• [About this task] Since the listing below shows pictures, leave them out and write out exactly the lines from the line with "投入口から流れてきた粉はその" to the line with "5Cgo 521805458876 美式鄉村工業創意復古餐廳咖啡廳燈具酒吧鐵藝愛迪生玻璃箱吸頂燈", both included, and no others.

• [Supplied records]
■ ■ ■ ■ ■ ■ ■

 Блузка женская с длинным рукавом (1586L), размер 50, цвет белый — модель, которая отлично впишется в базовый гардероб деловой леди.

■ ■ ■ ■ ■ ■ ■

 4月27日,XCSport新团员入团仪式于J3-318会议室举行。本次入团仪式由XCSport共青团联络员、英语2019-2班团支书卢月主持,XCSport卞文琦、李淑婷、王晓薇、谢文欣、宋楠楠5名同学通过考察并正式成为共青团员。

■ ■ ■ ■ ■ ■ ■

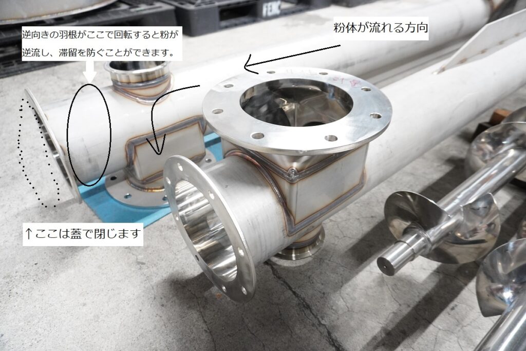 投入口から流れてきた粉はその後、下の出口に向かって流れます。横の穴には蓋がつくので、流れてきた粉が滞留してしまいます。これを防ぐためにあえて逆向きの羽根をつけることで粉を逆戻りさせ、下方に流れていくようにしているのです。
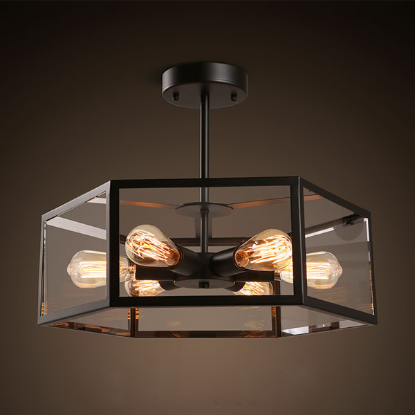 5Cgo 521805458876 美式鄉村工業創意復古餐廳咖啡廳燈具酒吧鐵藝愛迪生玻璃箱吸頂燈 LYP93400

■ ■ ■ ■ ■ ■ ■

• [Output]
 投入口から流れてきた粉はその後、下の出口に向かって流れます。横の穴には蓋がつくので、流れてきた粉が滞留してしまいます。これを防ぐためにあえて逆向きの羽根をつけることで粉を逆戻りさせ、下方に流れていくようにしているのです。
 5Cgo 521805458876 美式鄉村工業創意復古餐廳咖啡廳燈具酒吧鐵藝愛迪生玻璃箱吸頂燈 LYP93400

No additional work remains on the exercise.